Abstract

Reconstructing large-scale scenes using Neural Radiance Fields (NeRFs) is a research hotspot in 3D computer vision. Existing MLP (multi-layer perception)-based methods often suffer from issues of underfitting and a lack of fine details in rendering large-scale scenes. Popular solutions are to divide the scene into small areas for separate modeling or to increase the layer scale of the MLP network. However, the subsequent problem is that the training cost increases. Moreover, reconstructing large scenes, unlike object-scale reconstruction, involves a geometrically considerable increase in the quantity of view data if the prior information of the scene is not effectively utilized. In this paper, we propose an innovative method named MM-NeRF, which integrates efficient hybrid features into the NeRF framework to enhance the reconstruction of large-scale scenes. We propose employing a dual-branch feature capture structure, comprising a multi-resolution 3D hash grid feature branch and a multi-view 2D prior feature branch. The 3D hash grid feature models geometric details, while the 2D prior feature supplements local texture information.
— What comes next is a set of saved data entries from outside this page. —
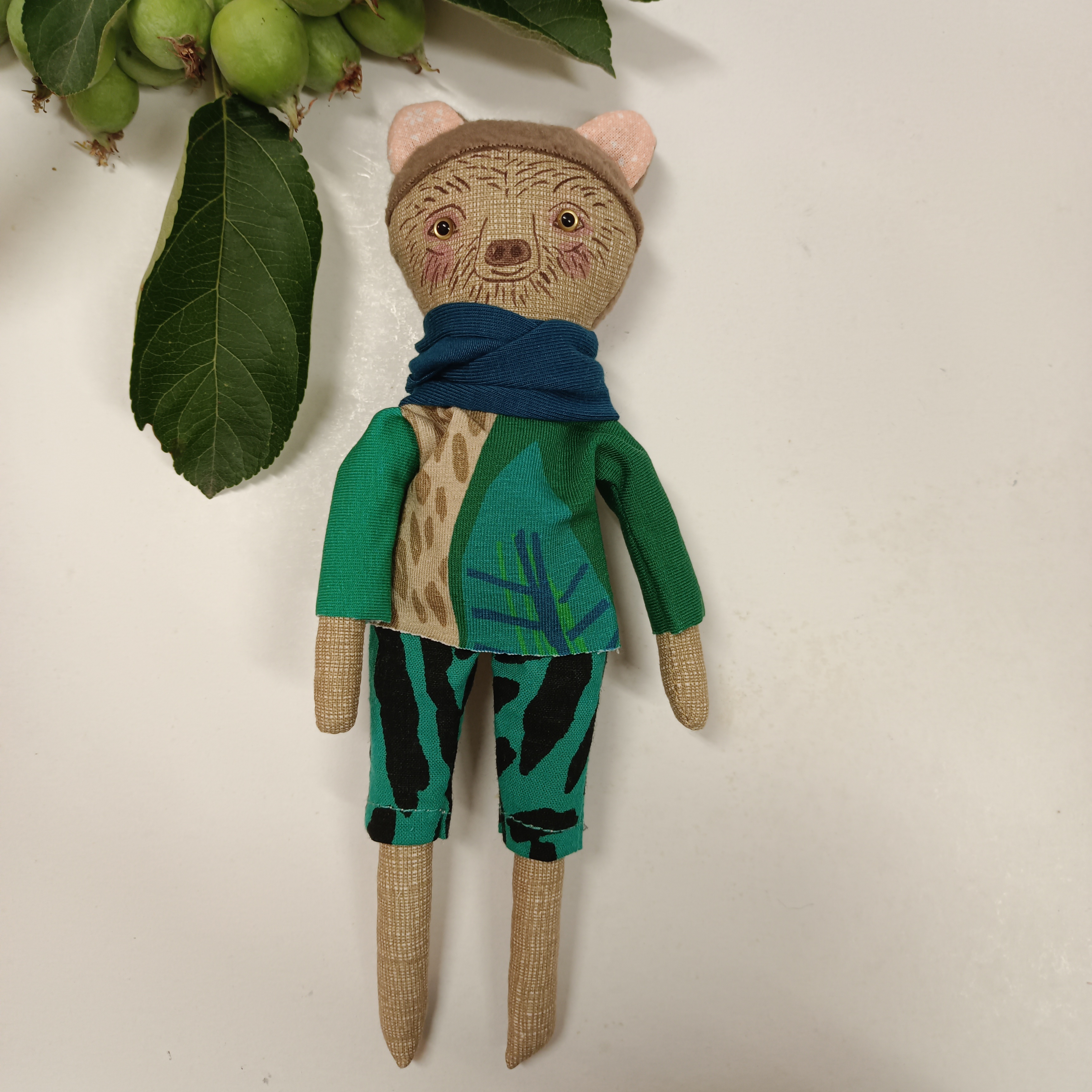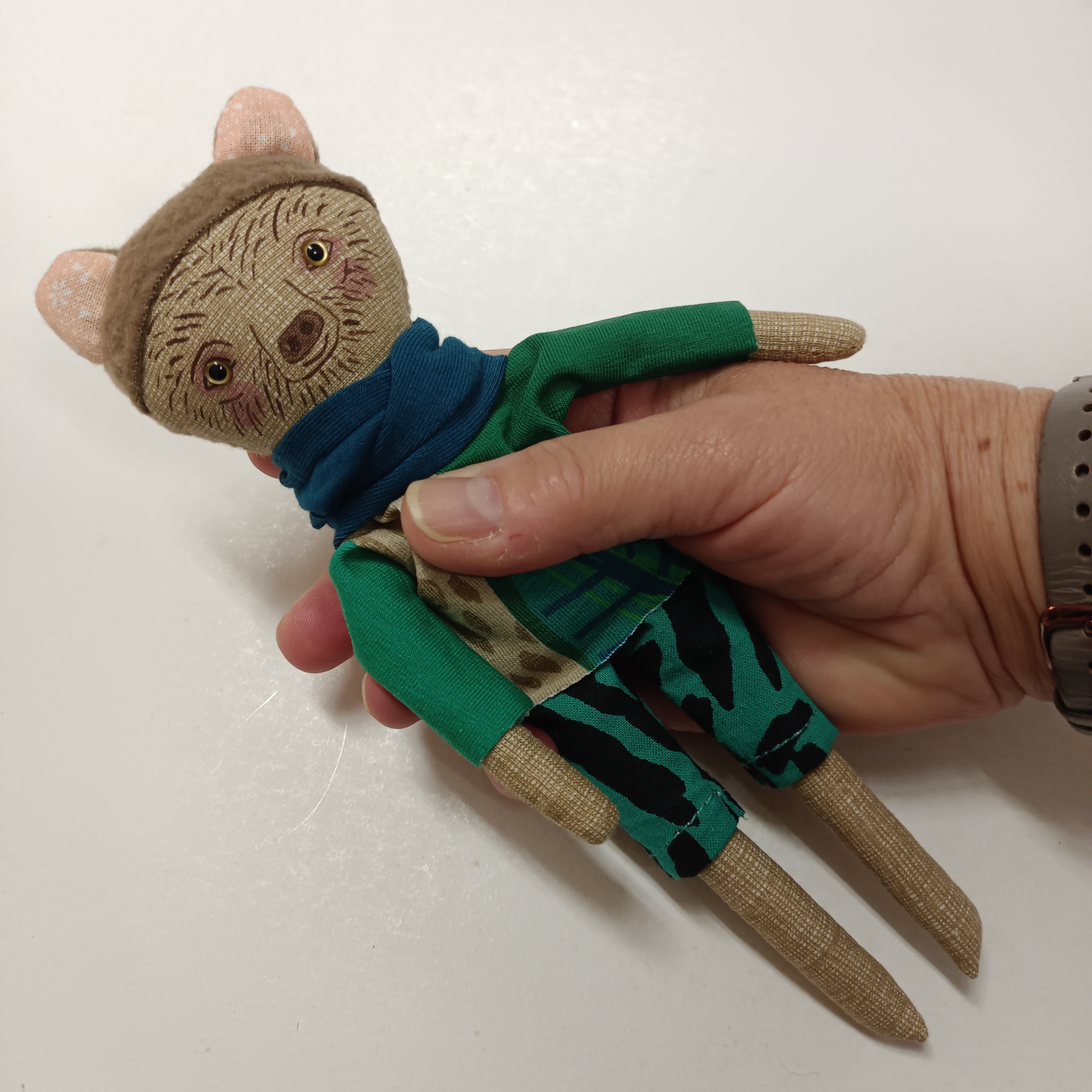 … malá panenka je ušitá z bavlněných látek. Ouška a ocásek jsou z fleece.
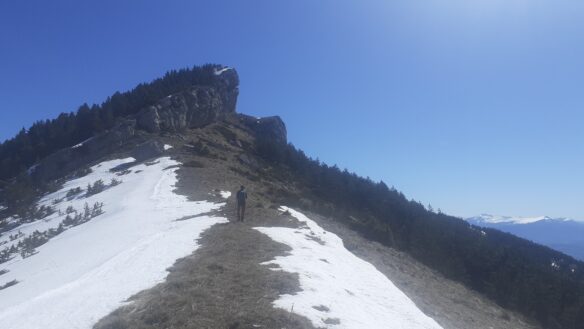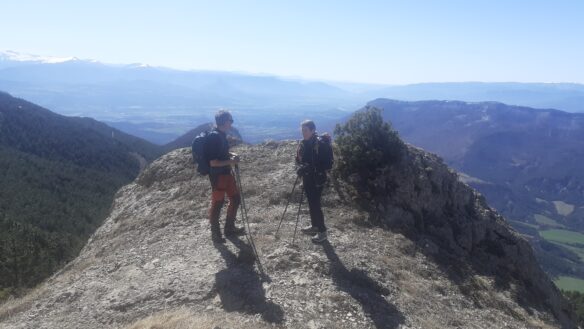 Aujourd’hui nous mettons le cap sur la montagne d ‘Aujour. Un peu de route nous attend pour rejoindre Villelongue/Savournon mais nous ne sommes que trois randonneurs motivés ! En plus, nous sommes chanceux, le soleil est au rendez-vous, le ciel bleu et la chaleur nous tendent les bras. La première étape de notre randonnée se fait au départ de l église. La montée est caillouteuse jusqu’au col de l ‘Armande avec des vues de cartes postales sur le Mont Ventoux et le Pic de Bure,c’est le bon moment pour faire une petite pose bien méritée et reprendre quelques forces.
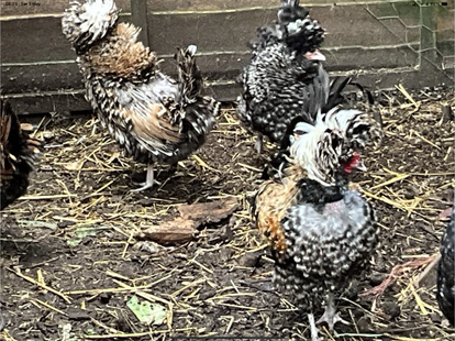 The birds have a small v-shaped comb and an abundant crest of feathers on the crown of the head. They are kept for show or for ornament. There are bearded, non-bearded and frizzle varieties.
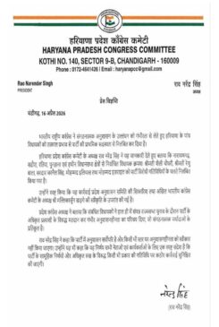 नई दिल्ली/चंडीगढ़। हरियाणा में हाल ही में हुए राज्यसभा चुनाव के बाद कांग्रेस पार्टी ने बड़ा कदम उठाते हुए अपने ही 5 विधायकों को प्राथमिक सदस्यता से निलंबित कर दिया है। यह कार्रवाई उन विधायकों के खिलाफ की गई है, जिन्होंने पार्टी की आधिकारिक लाइन से हटकर मतदान किया था।
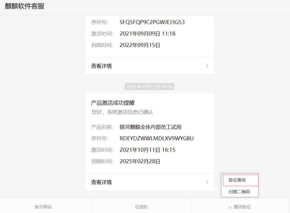 1.使用微信打开麒麟软件客服,点击 查询验证
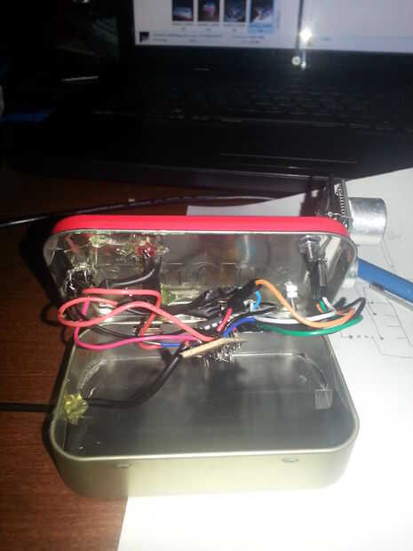 He soldado los cables de los LEDS a la tapa y caliente pegado en su lugar. El pulsador y el cable USB también estaban calientes pegadas en su lugar.
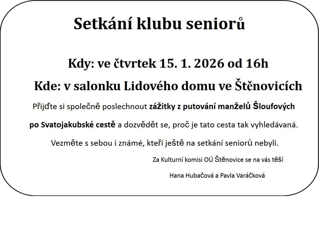 SETKÁNÍ SENIORŮ dne 15.ledna 2026 od 16.00 hodin v LD
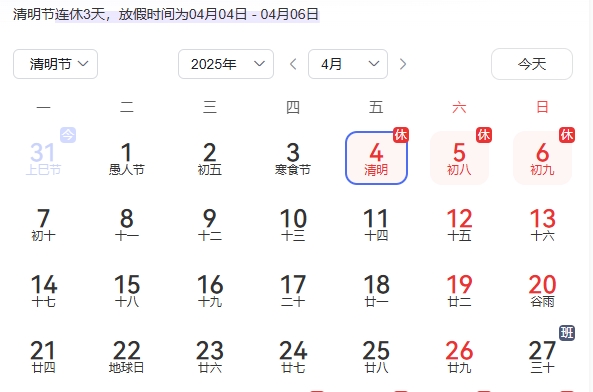 根據(jù)國家2025年春節(jié)放假通知并結(jié)合本司實際情況,放假做以下調(diào)整:1、放假時間:2025年4月4日至2025年4月6號,共3天,3月7號正常上···
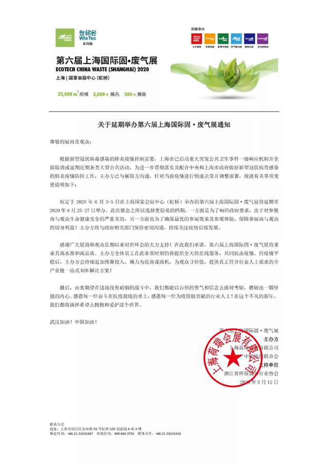 為避免人員聚集引發(fā)交叉感染,較大限度降低人群集聚可能造成的疫情傳播風險,保障所有展商、觀眾及參會人員的安全和健康,主辦方?jīng)Q定,將原定于2020年6月3-5日在上海國家會展中心(虹橋)舉辦的第六屆上海國際固●廢氣展將延期至2020年8月25-27日舉辦。
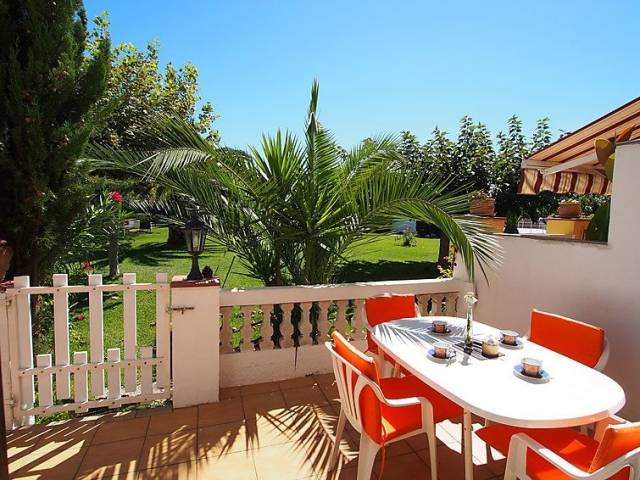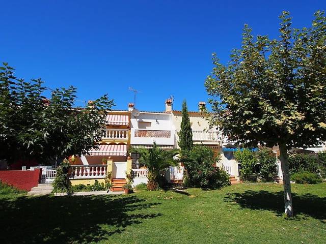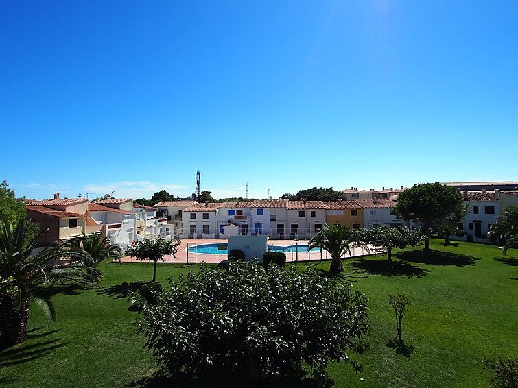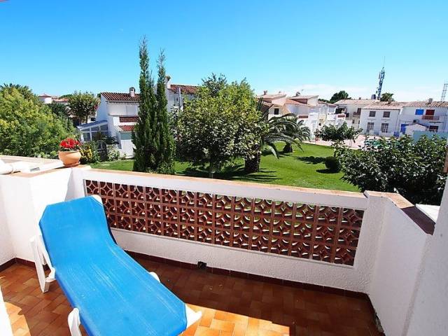 Casa adosada "Triangulo", sencilla de 2 plantas. En el barrio de Puigmal, a 2.5 km del centro de Empuriabrava, lugar tranquilo, soleado area residencial (villas), zona con poco tráfico, a 3 km del mar. Comunitario: jardín grande, cuidado (vallado) con césped y árboles, piscina (12 x 8 m, 180 cm de profundidad, Disponible por temporada: 01.Jun. - 30.Sep.). Piscina para niños. Tienda de comestibles 400 m, supermercado 350 m, restaurante 400 m, bar 350 m, panadería 500 m, parada de autobús 1 km, playa de arena "Empuriabrava" 3 km. Puerto deportivo 3 km, campo de golf 12 km, tenis 550 m, minigolf 2 km, caminos para bicicletas 1 km. Atracciones en los alrededores: Túnel del viento Empuriabrava 1 km, Parque Acuático Roses 6 km, Casino y festival de Perelada 12 km, Museo Dalí Figueres 15 km, Ruïnes de Empuries 21 km, Monasterio de Sant Pere de Rodes 23 km. El acceso al jardín es por dos escalones.
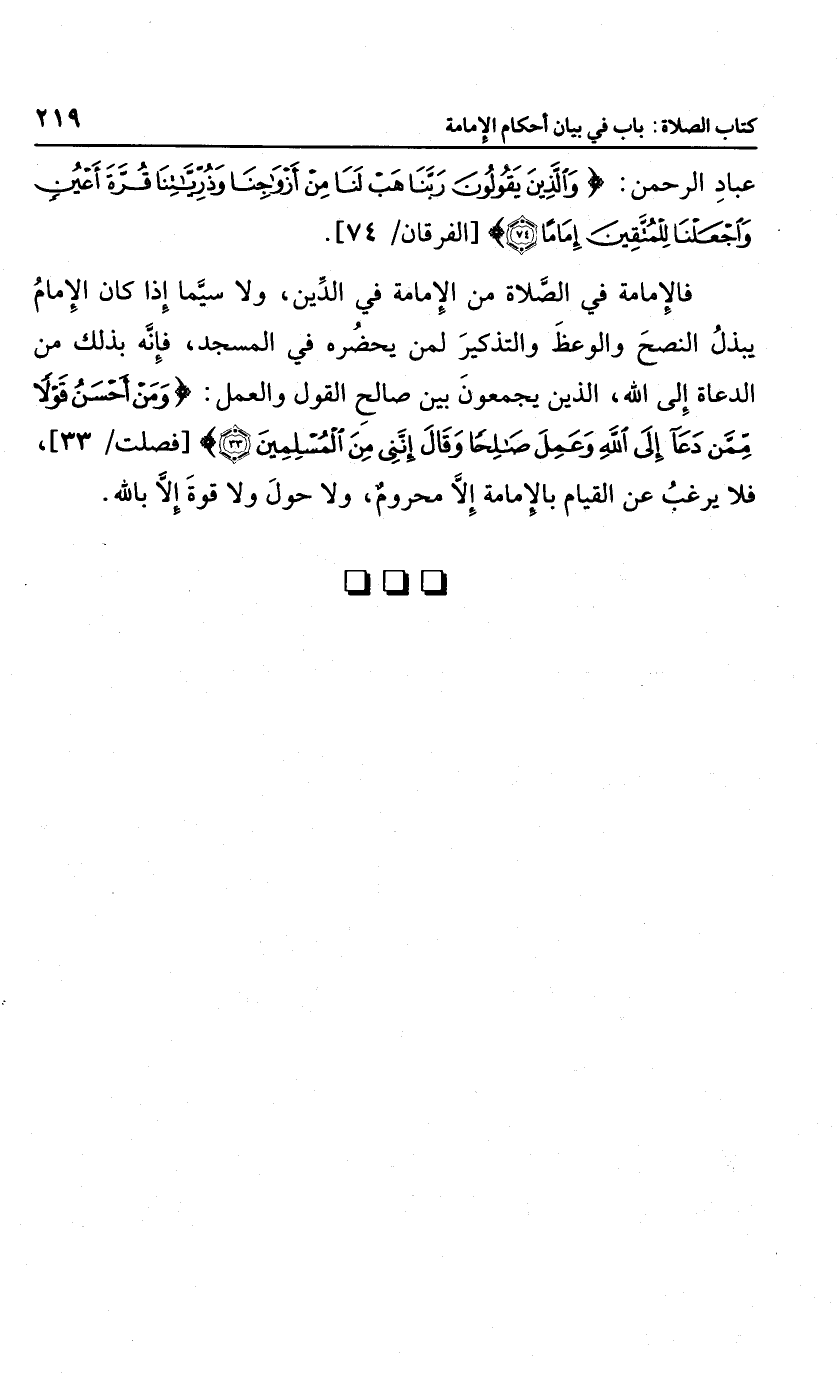 فالإمامة في الصلاة من الإمامة في الدين، ولا سيما إذا كان الإمام يبذل النصح والوعظ والتذكير لمن يحضره في المسجد، فإنه بذلك من الدعاة إلى الله، الذين يجمعون بين صالح القول والعمل، {وَمَنْ أَحْسَنُ قَوْلاً مِمَّنْ دَعَا إِلَى اللَّهِ وَعَمِلَ صَالِحاً وَقَالَ إِنَّنِي مِنَ الْمُسْلِمِينَ} ؛ فلا يرغب عن القيام بالإمامة إلا محروم، ولا حول ولا قوة إلا بالله.
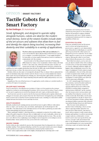Tactile cobots are also valuable for precise object placement when loading parts into a fixture for achieving a smart and modern factory. ■
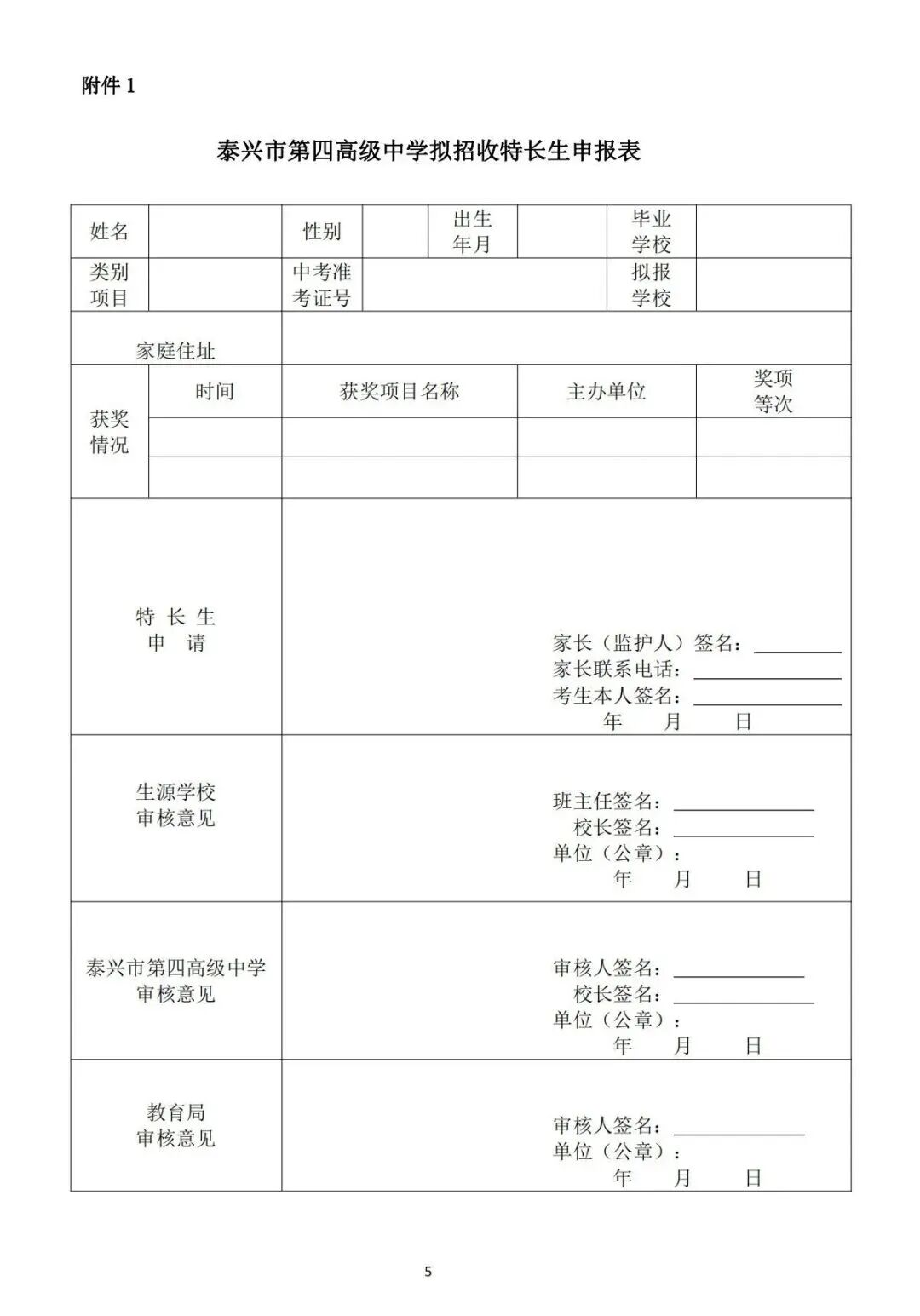 4.4月24日-30日在政府门户网站、泰兴教育网站、泰兴市第四高级中学网站和学生所在学校门户网站、校内校务公开栏及所在班级同时公示符合各招生学校特长生报名条件的学生名单。
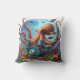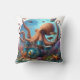 Een octopus speelt enthousiast een drumstel omringd door levendige koralen en tropische vissen in een heldere onderwateromgeving.
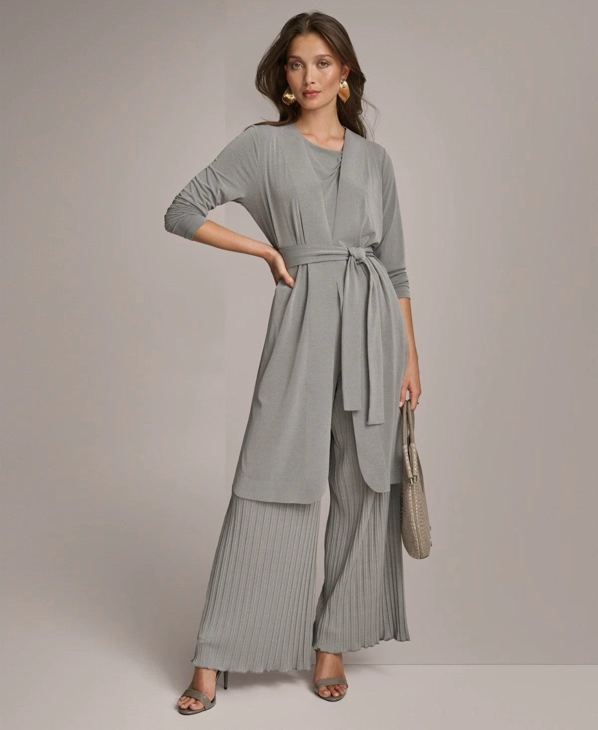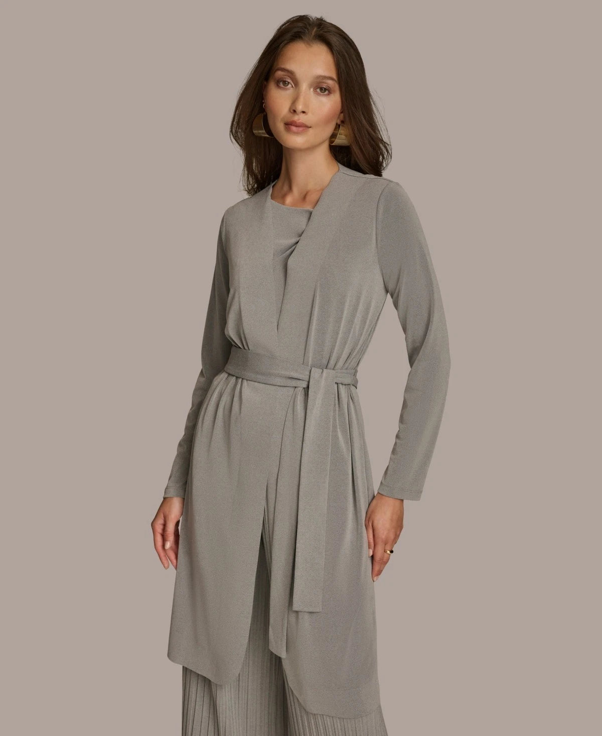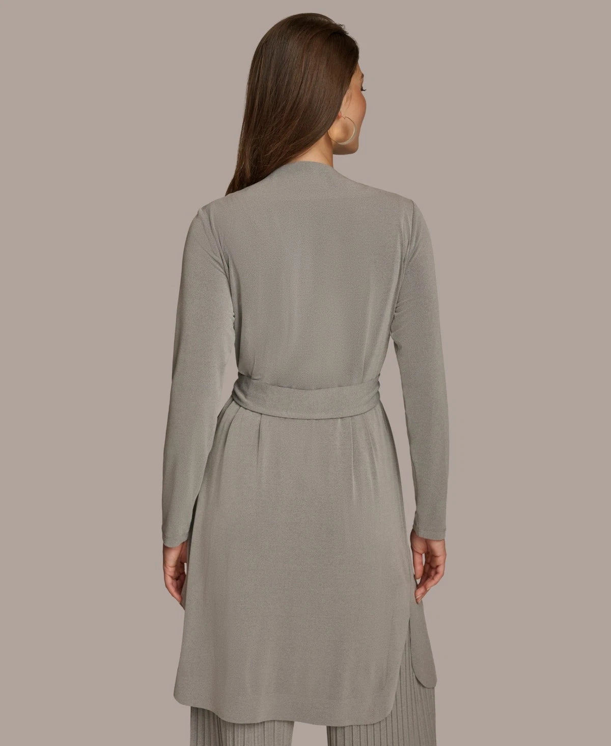 Donna Karan Women's Tie Waist Long Cardigan Gray Size M MSRP $139

Our experimental results show that such integration is sufficient to render realistic novel views with fine details, forming a more accurate geometric representation. Compared with representative methods in the field, our method significantly improves the PSNR (Peak Signal-to-Noise Ratio) by approximately 5%. This remarkable progress underscores the outstanding contribution of our method in the field of large-scene radiance field reconstruction.